Hello, I wanted to know if this project is open source because trying to do this via batch processing is an absolute nightmare, and I don't know really how to use power shell. 

I think formatting the information is not that difficult but I would like to know if it is open source.

You can have a look here where I have started the process. I think the requirements are quite clear in the link:









						Converting simple timestamps into usable SRT (Subtitle) format to be imported into Adobe Premier
					

Context. When recording a video, It is good to mark timestamps for key events. Getting this kind of information into Adobe Premier is no easy task. However creating a subtitle file that represents ...




					stackoverflow.com


----------



## partouf (May 26, 2020)

authorleon said:


> Hello, I wanted to know if this project is open source because trying to do this via batch processing is an absolute nightmare, and I don't know really how to use power shell.
> 
> I think formatting the information is not that difficult but I would like to know if it is open source.
> 
> ...



It very much is open source, link should be in the description, but here it is https://github.com/partouf/OBSInfoWriter
I already added an issue for this request, but won't have much time to work on it this week myself, so any help is of course wonderful. The idea is to create a new Output format, it shouldn't be too hard to copy paste some things from the CSV format and change it to this format - I think.


----------



## knaeckebrot0815 (Jul 1, 2020)

Hi, 
Are there any known issues with OBS 25 ? I reinstalled OBS and InfoWriter from scratch, but InfoWriter doesn't show up in my list of sources anymore.
Many thanks


----------



## partouf (Jul 1, 2020)

knaeckebrot0815 said:


> Hi,
> Are there any known issues with OBS 25 ? I reinstalled OBS and InfoWriter from scratch, but InfoWriter doesn't show up in my list of sources anymore.
> Many thanks



Not that I know of, I have tested with OBS 25.0.8 (Windows 64 bits).
Are you sure you put the DLL's in the right folders?


----------



## knaeckebrot0815 (Jul 8, 2020)

My apologies. It looks like copying the dll from the zip file failed (silently, thanks Windows). I had to first unpack, then move to the OBS-plugins folder.  Seems to be working now.


----------



## bloodbarron115 (Jul 19, 2020)

Long time user of infowriter but I only just updated it from a 2018 version and now OBS won't open. When I remove the file i downloaded from the plugins file obs opens fine but obviously infowriter is then missing from my sources. Any idea how to fix this?

*EDIT* I downloaded V1.2 because all i was really looking for was extra hotkey options and OBS is now working with that


----------



## RobyCai (Jul 25, 2020)

Where I can find the Mac OS X version????


----------



## partouf (Jul 26, 2020)

RobyCai said:


> View attachment 59275
> Where I can find the Mac OS X version????

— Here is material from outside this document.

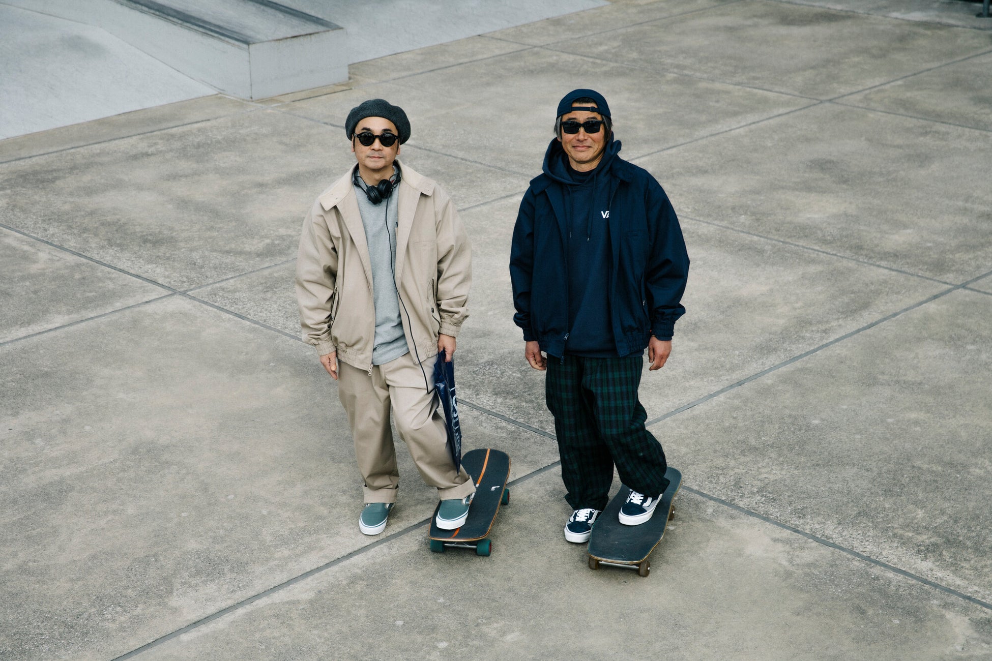 加藤忠之氏はBEAMSのSURF & SK8の担当バイヤー、「SSZ (エス エス ズィー)」のディレクターとして活躍しています。中田慎介氏は、元BEAMSクリエイティブ・ディレクターであり、「Unlikely (アンライクリー)」のデザイナーで、アウトドアユーティリティとアーバンライフスタイルを融合させたパイオニア。両者とも長年日本のストリートファッションの最前線でシーンを牽引してきました。

						Release More toggles for default output format · partouf/OBSInfoWriter
					

Two more toggles for the Default output format




					github.com


----------



## partouf (Jul 26, 2020)

bloodbarron115 said:


> Long time user of infowriter but I only just updated it from a 2018 version and now OBS won't open. When I remove the file i downloaded from the plugins file obs opens fine but obviously infowriter is then missing from my sources. Any idea how to fix this?
> 
> *EDIT* I downloaded V1.2 because all i was really looking for was extra hotkey options and OBS is now working with that



Can you send me the log and crash report from when this happens? They should be somewhere in C:\Users\yourusername\AppData\Roaming\obs-studio\crashes and C:\Users\yourusername\AppData\Roaming\obs-studio\logs


----------



## ultraTay (Aug 20, 2020)

hi there!! I am having a little trouble with this and I can't figure out why - the plugin is logging stamps for my scene switches into my chosen txt file, but not logging a stamp when I use the hotkey (though I can see the source activate in the scene when I use the hotkey). I'm sure I'm missing something easy. Any ideas?


----------



## ultraTay (Aug 20, 2020)

ultraTay said:


> hi there!! I am having a little trouble with this and I can't figure out why - the plugin is logging stamps for my scene switches into my chosen txt file, but not logging a stamp when I use the hotkey (though I can see the source activate in the scene when I use the hotkey). I'm sure I'm missing something easy. Any ideas?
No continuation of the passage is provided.